TIME LIMITS on migration cases in the federal courts were reintroduced last week by the Attorney General and the Minister for Immigration and Multicultural and Indigenous Affairs, Senator Amanda Vanstone.
The Migration Amendment (Judicial Review) Bill 2004 is the first stage of the Australian Government’s response to the recommendations of the Migration Litigation Review, established to report on measures for the more efficient handling of migration cases.
Concern about the increased volume of migration cases, the related delays in court proceedings, and the low success rate of this sort of litigation led to the recent changes.
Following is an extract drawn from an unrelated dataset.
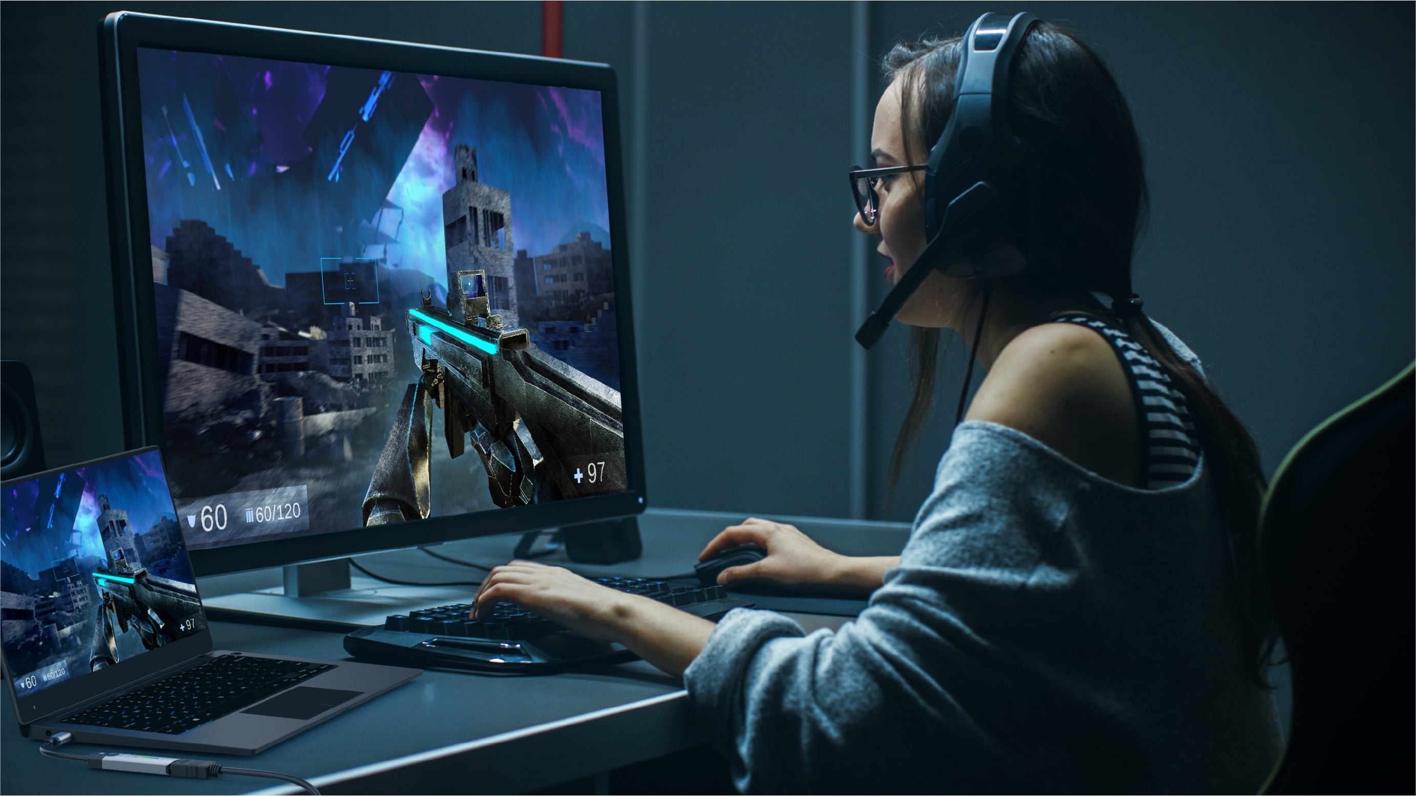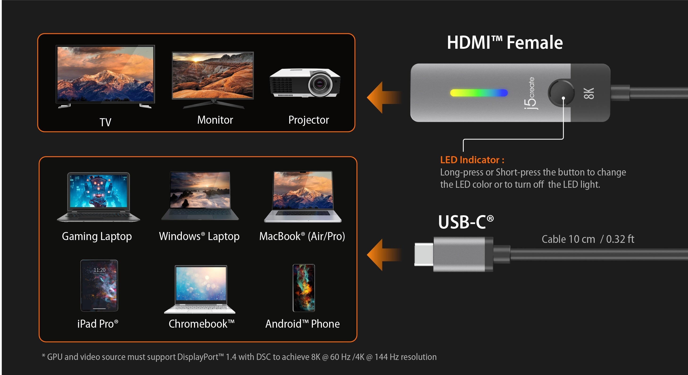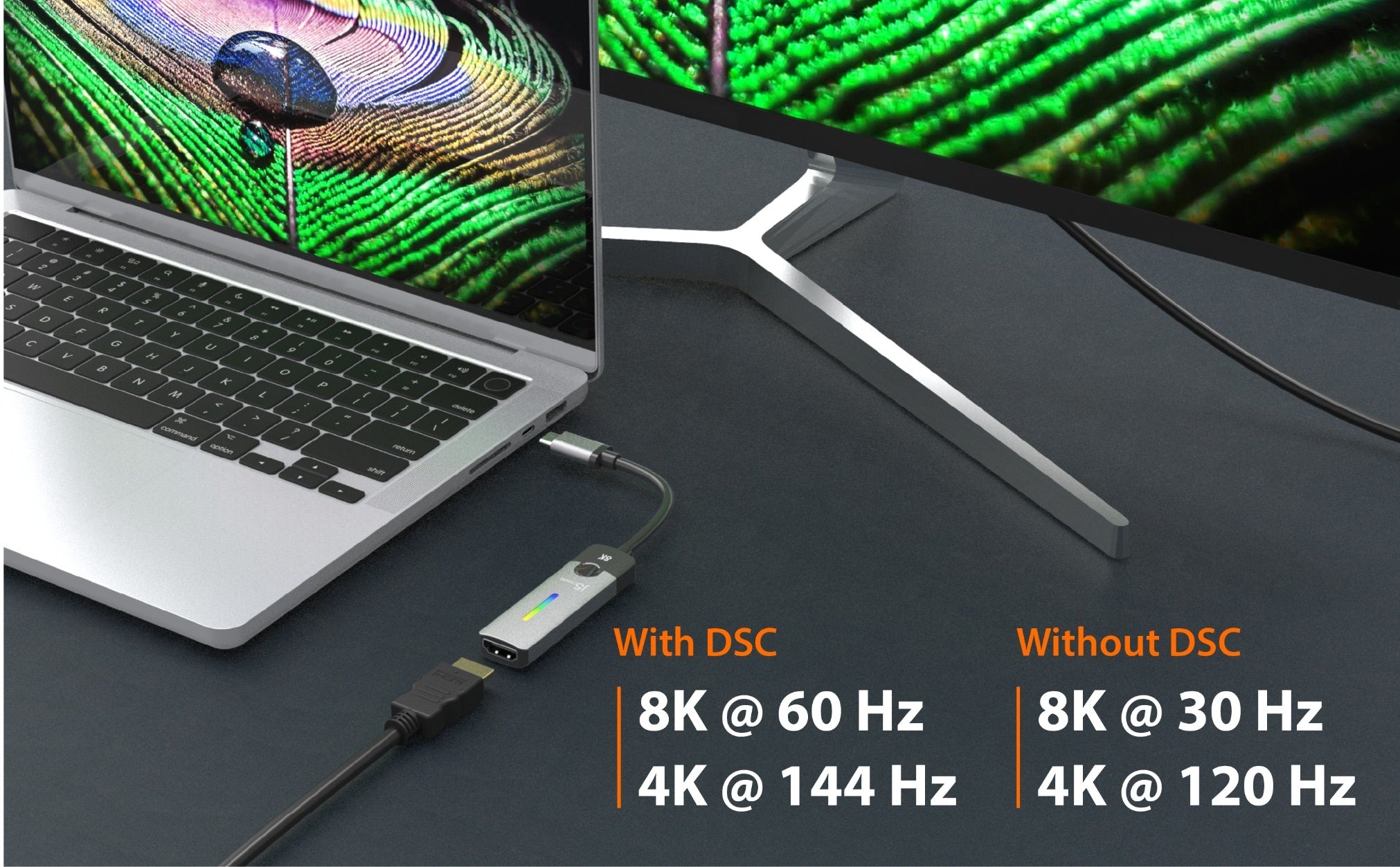 Our USB-C® to HDMI™ 2.1 8K Adapter allows you to conveniently connect your gaming laptop, MacBook®, Chromebook™, or tablet to an 8K UHD / 4K 144Hz external monitor, 8K UHDTV, projector and other display device using an HDMI™ input.

But Glenn Ferguson, executive member of the International Law Section of the Law Council of Australia, told Lawyers Weekly the Council feared that the time limits may prove to be counter-productive.
In January, the A-G was concerned that the High Court was overburdened by self-represented litigants. But these new time limits, Ferguson argued, “could mean that self-represented litigants might go straight to the High Court”. That this could make more work for the High Court was a concern of the Law Council.
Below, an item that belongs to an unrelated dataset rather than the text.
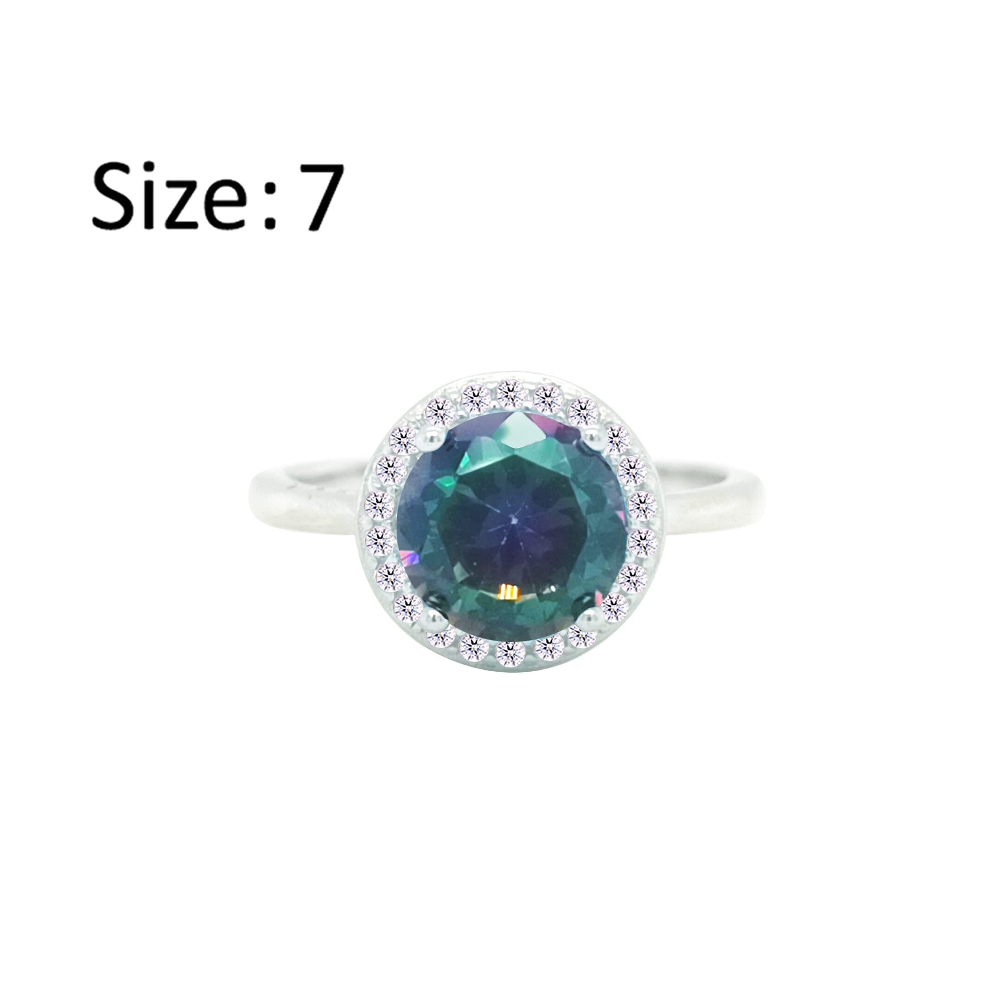 عصفور كريستال خاتم فضة عيار 925 بتصميم دائري متعدد الالوان مرصع بالزركون - RD0205-AP-7

Referring to a report conducted last year by Hilary Penfold for the government, Ferguson said that it has not been made public what the findings were. No-one had an opportunity to review these findings, he said.
“We think this should be realised and I think really our position is that the Senate should be called upon for the current amendments to be reviewed to the legal constitution committee,” Ferguson said. Concerned the Penfold findings had not been taken into account, Ferguson said they needed to be looked at in more detail.
In an alleged attempt to demonstrate the Government’s commitment to implement effective reforms to the migration litigation system, the measures proposed in the Bill will be implemented as soon as possible, Ruddock said.